The potential benefit of combining ERT with suppression of either glycogen synthesis or autophagy depends upon the balance between alleviating the symptoms of Pompe disease by reducing glycogen accumulation and risking the creation of new underlying conditions—a deficiency of glycogen synthase or a deficiency of autophagy in skeletal muscle. The risk of creating glycogen synthase deficiency is discussed in Douillard-Guilloux et al.53
As for the suppression of autophagy, we and others did not observe any gross phenotypical abnormalities in muscle-specific, autophagy-deficient, wild-type mice.28,54
However, the impairment of autophagy has been shown to lead to the accumulation of dysfunctional mitochondria and oxidative stress,54
as well as to muscle atrophy and an age-dependent decrease in force in gastrocnemius muscle.28
The relatively mild negative effects of inactivation of autophagy that we observe in normal skeletal muscle pale by comparison to the benefits this approach provides in Pompe skeletal muscle. The experiments reported here, we believe, are the first successful attempt to use suppression of autophagy to return cells towards a near normal state.

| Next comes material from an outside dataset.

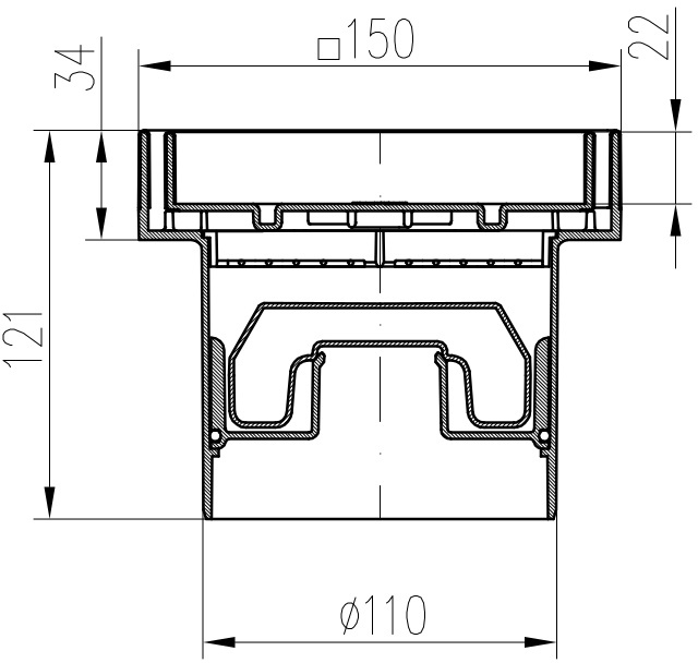 Podlahová vpusť přímá D110, NEPTUN, nerez rámeček, mřížka STEEL

Bringing the observations reported here to patients with Pompe disease will require developing new approaches that permit a controllable suppression of autophagy directed to skeletal muscle. Oligonucleotides such as shRNA and morpholinos given locally or systemically and pharmaceuticals targeted to the autophagic pathway are sensible ways to consider.

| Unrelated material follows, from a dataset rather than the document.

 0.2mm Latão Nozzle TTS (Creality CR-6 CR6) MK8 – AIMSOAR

The disturbances of autophagy are involved in the pathogenesis of other lysosomal storage diseases and in other families of diseases and in each, the disturbance is different;10,14
like Tolstoy's unhappy families, each is unhappy in its own way.55
Up to the present, however, the approaches to therapy—primarily in neurodegenerative diseases56
and drug-resistant malignancies57
—have relied on a limited number of chemicals, established drugs and genes. The promising results so far point to the need for new, more precise and more practical methods of autophagy modulation.